Shackleton's ship, Endurance, got locked in the ice of the Weddell Sea and eventually broke apart and sank. Shackleton led his 28 men on an 18-month frozen odyssey, camping on disintegrating ice floes, living on blubber and cold penguin legs while killer whales eyed the expedition from below, speculating that men might taste as good as seals.

At last Shackleton led the party to solid ground on Elephant Island. He left 22 to hunker down there, and with a crew of five, set out in a 20-foot open boat across 850 miles of the worst seas in the world. He made it to the remote South Atlantic island of South Georgia, then climbed across a mountain and glacier to fetch help at a whaling station. All of the expedition's men were rescued.

Shackleton was not only a hero; he was a grown-up, a member of what has become an endangered species, especially in politics.

The presidency isn't Gilgamesh, of course, but once upon a time, Americans entertained a subconscious ideal of a president with a Shackleton dimension. We somehow expected a hero and grown-up, even if we almost never got one, and even if a hero — Douglas MacArthur, say — wouldn't always have been such a good idea.

But after seven years of Bill Clinton (who is, to give him credit, a genius of personal survival even by Shackleton standards), the inchoate Grown-up Factor has taken shape in the electoral mind. There is a hunger — call it an unarticulated disgust — to see a mature adult in the White House next time around.

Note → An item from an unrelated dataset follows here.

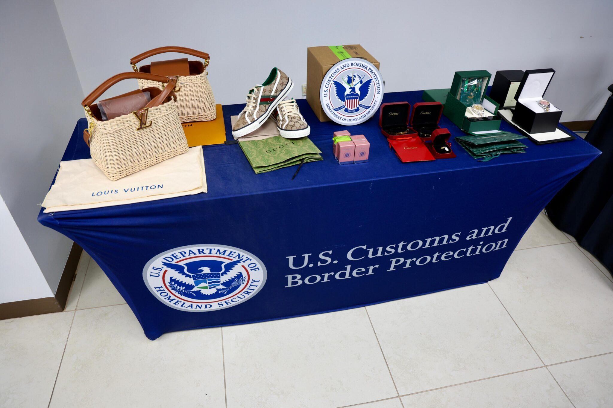 Durante una reciente conferencia de prensa, HSI mostró mercancía incautada en septiembre, donde oficiales de CBP en San Juan detuvieron un cargamento sospechoso de violar derechos de propiedad intelectual.

You see it in the New Hampshire vote for John McCain, who stacks up as an admirable twofer (though he suffers from a tendency to tell stupid, adolescent jokes). At the same time, New Hampshire suggests that the Grown-up Factor has caught up with George W. Bush; I suspect it will go on punishing him, unless he can reverse the deepening perception that he is a little too "lite" for the job. Footage of him and his father in New Hampshire the other day looked like pictures from parents' weekend.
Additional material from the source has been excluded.